Exercise brief =
After locating the line that contains "20th-c. gold ring", quote it and all lines after it through the end of the entries, and nothing more. Pictures stay out.
*** Begin section ***
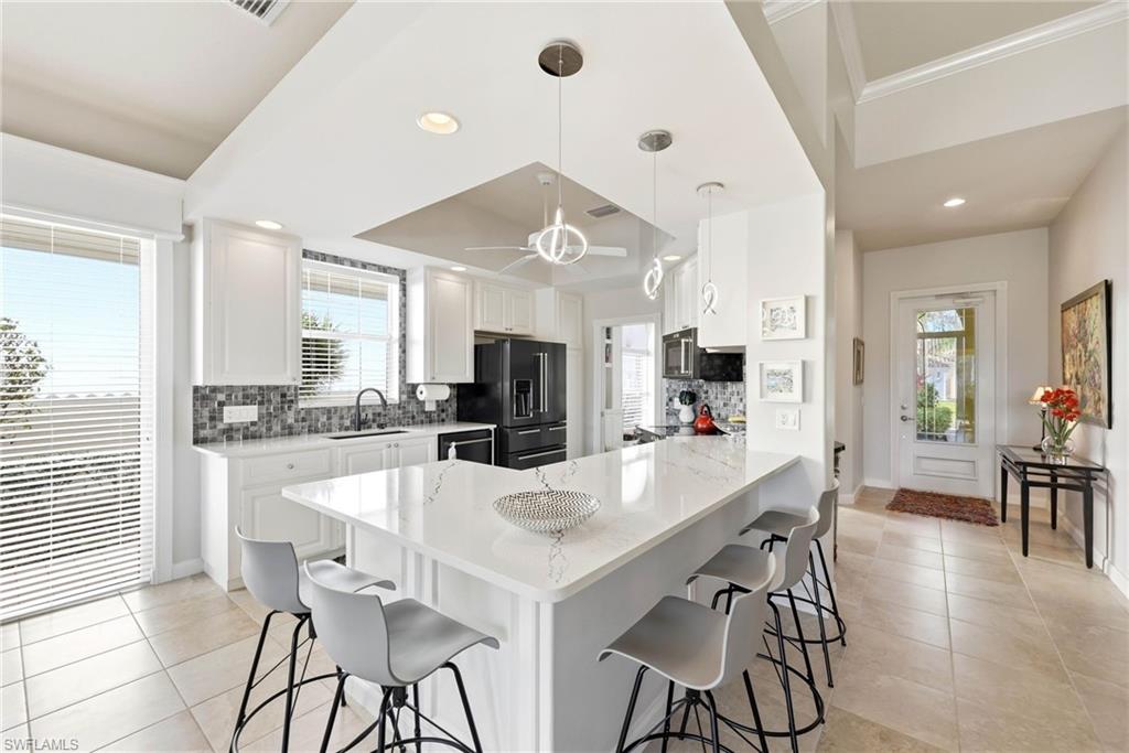 Updated Oakmont Model with SOUTHERN EXPOSURE "Built Solid " UPDATED ROOF. YOU CAN NOT BUY A BETTER BUILT HOME THEN THIS ORIGINAL DIVOSTA HOME. THIS IS THE PERFECT HOME TO PUT A CUSTOM-BUILT POOL AND SPA! THE INTERIOR IS UPGRADED WITH CUSTOM FEATURES: UPDATED KITCHEN HAS QUARTZ COUNTER TOPS GLASS BACKSPLASH WITH HIGHEND KITCHEN AID STAINLESS STEEL APPLIANCES. THE DEN HAS CUSTOM HAND CRAFTED BOOKSHELVES WITH BENCH, ALL SLIDERS HAVE BEEN CUSTOM FRAMED HAND-CRAFTED CORNICES. ALL BATHROOMS HAVE BEEN UPATED WITH QUARTZ COUNTERS. ALSO EXTENDED ITALIAN PORCEALIN TILE EVERYWHERE, BEACH COLORED WOOD FLOORING IN ALL BEDROOMS. Don't forget all of the features that you cannot purchase with a new Divosta Home: 12 & 10 FT CEILINGS, Poured Concrete walls, Smooth coat walls inside through-out, finished closets systems, 6 ft privacy wall ON BACK LANAI, central vac, Verona Walk offers 24 hr. guarded gated entry, lighted tennis, bocce ball, basketball and pickle ball courts, resort-size community Lagoon pool, lap pool, tot lot, over 20 miles trails, 24/7 gym, post office, café/restaurant, ice cream Shoppe, hair salon, car wash, gas station, library, computer center, ballroom, card rooms, and a full-time activities director. Convenient to both Naples and Marco Island beaches, shops and fine dining, regional hospital and Edison college nearby. The low HOA dues also include lawn care & irrigation, basic cable TV.
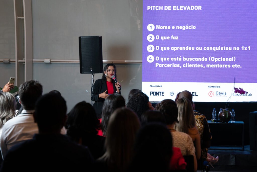 Quem cumpriu o desafio teve a chance de subir ao palco para um pitch de 1 minuto. Caso estourasse o tempo, uma buzina soava imediatamente, gerando risadas, descontração e, ao mesmo tempo, estimulando a objetividade — uma habilidade essencial no ambiente de negócios.
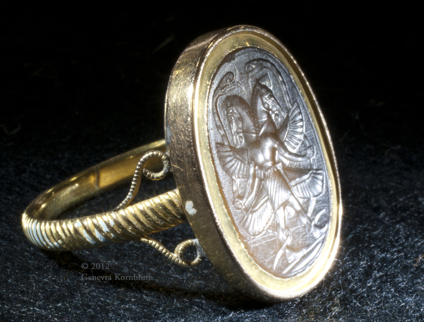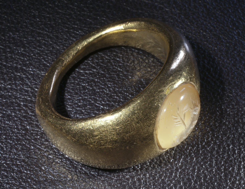 20th-c. gold ring with 1st-c. chalcedony seal, p.c., which has its own page
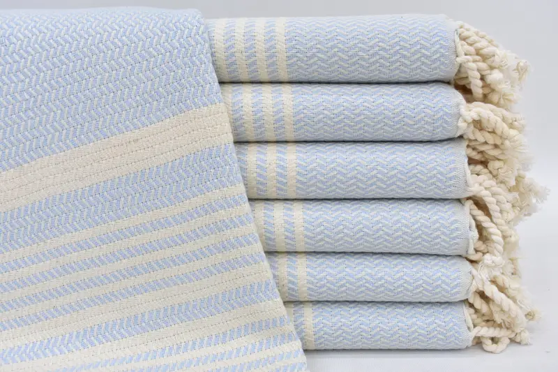 Turkish Bath Towels, characterized by their fiber composition, are crafted from 100% Natural Cotton, ensuring superior absorbency and gentle touch. Resulting in a towel size of 70" x 40" inches or 180 cm x 100 cm, the weight is between 12-14 ounces (360-420 grams). Hand-weaving tolerances may result in slight variations of up to 2.5 cm in dimensions.
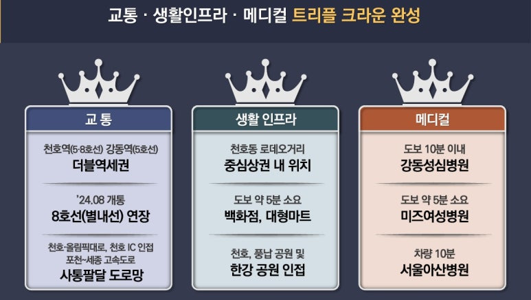 ▶당 사업지는 8호선 천호역, 5호선 강동역 도보권 역세권 입지로 대중교통을 통한 서울 시내.외 빠르고 편리한 이동 가능한 입지, 천호대로, 올림픽대로, 천호ic,세종-포천고속도로 등을 통해 서울 시내.외 광역도시로 이동이 편리한 사통팔통 편리한 교통망
*** End section ***
Result of this task =
 20th-c. gold ring with 1st-c. chalcedony seal, p.c., which has its own page
 Turkish Bath Towels, characterized by their fiber composition, are crafted from 100% Natural Cotton, ensuring superior absorbency and gentle touch. Resulting in a towel size of 70" x 40" inches or 180 cm x 100 cm, the weight is between 12-14 ounces (360-420 grams). Hand-weaving tolerances may result in slight variations of up to 2.5 cm in dimensions.
 ▶당 사업지는 8호선 천호역, 5호선 강동역 도보권 역세권 입지로 대중교통을 통한 서울 시내.외 빠르고 편리한 이동 가능한 입지, 천호대로, 올림픽대로, 천호ic,세종-포천고속도로 등을 통해 서울 시내.외 광역도시로 이동이 편리한 사통팔통 편리한 교통망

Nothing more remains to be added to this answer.